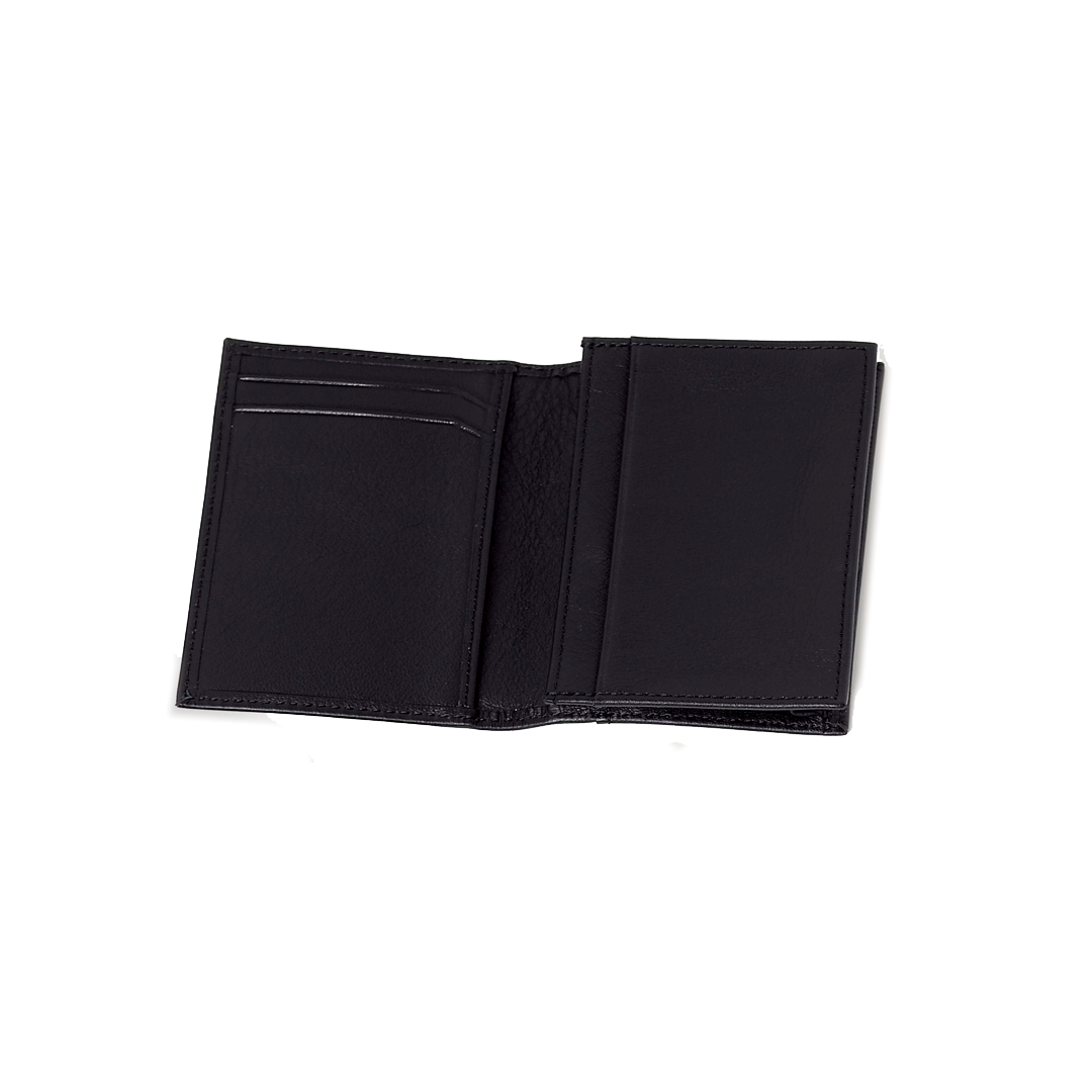 Portefeuilles en cuir de couleur noire. Cuir intérieur et couture noire. Gravure d'angle avec Rosa dei Venti.
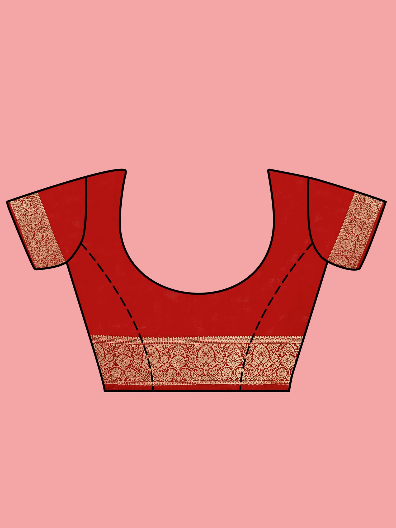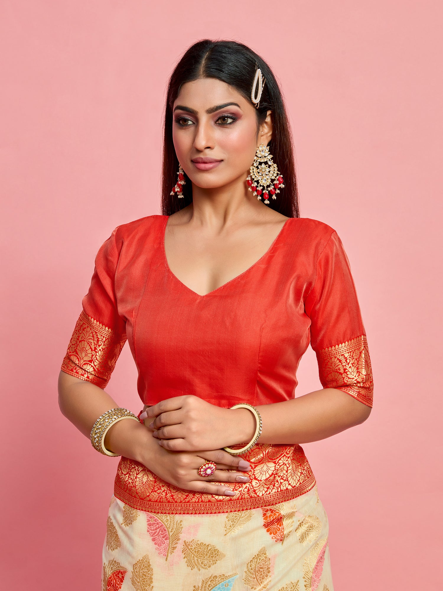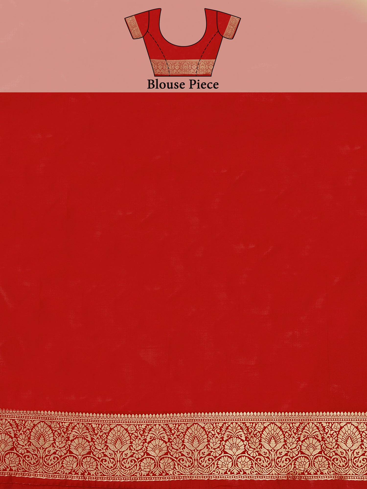 Blouse Details : {Colour- Red} { Fabric- Linen } {Length-0.80 Unstitched Blouse Attached At the End Of Saree } {Width-44 Inches } { Type- Contrast Blouse }
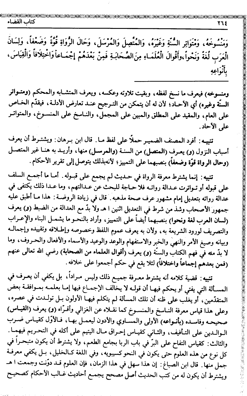 وَمَنْسُوخَهُ، وَمُتَوَاتِرَ السُّنَّةِ وَغَيْرَهُ، وَالْمُتَّصِلَ وَالْمُرْسَلَ، وَحَالَ الرُّوَاةِ قُوَّةً وَضَعْفًا، وَلِسَانَ الْعَرَبِ لُغَةً وَنَحْوًا، وَأَقْوَالَ الْعُلَمَاءِ مِنْ الصَّحَابَةِ فَمَنْ بَعْدَهُمْ إجْمَاعًا وَاخْتِلَافًا وَالْقِيَاسَ، بِأَنْوَاعِهِ
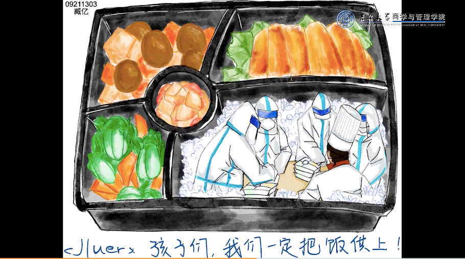 活动由信息管理系邓君主任策划,秉持疫情防控与封寝期间切实做好对学生“关心关爱”的初衷,积极响应校院防疫政策,有效提振师生抗疫信心,适时纾困学生封寝心态,用笔尖与色彩讴歌使命担当,彰显家国情怀。同学们踊跃创作,积极投稿,共计16名本科生与研究生参与绘画与后期视频制作,上交作品共29幅。一幅幅纪实画面描摹与重现了学院上下一心抗疫、振奋人心的情景,包括赵军书记、李北伟常务副院长、马腾副书记、李帅副书记、各位研究生与本科生辅导员和学生志愿者群体驻校抗疫、搬运物资等真实场景。此外还包括了数幅自由创作的艺术作品,一句“我们一定会把饭供上”感人心脾,一句“谢谢辛苦了”的标语温暖“大白”的心;一句“疫情特殊期间我得照顾好他们”热泪盈眶……画展整体风格主要采用令人身心愉悦的轻松漫画形式,深深地表达出同学们对医护人员、工作人员、驻校抗疫老师以及学生志愿者们无私奉献的感谢和敬意。最终,画展以小视频形式在微信视频号发布,受到了大家的一致好评与热烈喜爱,获得了广泛的关注与转发,具有一定的院内外、校内外影响力。

### Directions for this task:
Reproduce the data above line for line, from its first line through the line containing "Unstitched Blouse Attached", both ends included, with the pictures omitted and nothing more.

### Exercise solution:
 Portefeuilles en cuir de couleur noire. Cuir intérieur et couture noire. Gravure d'angle avec Rosa dei Venti.
 Blouse Details : {Colour- Red} { Fabric- Linen } {Length-0.80 Unstitched Blouse Attached At the End Of Saree } {Width-44 Inches } { Type- Contrast Blouse }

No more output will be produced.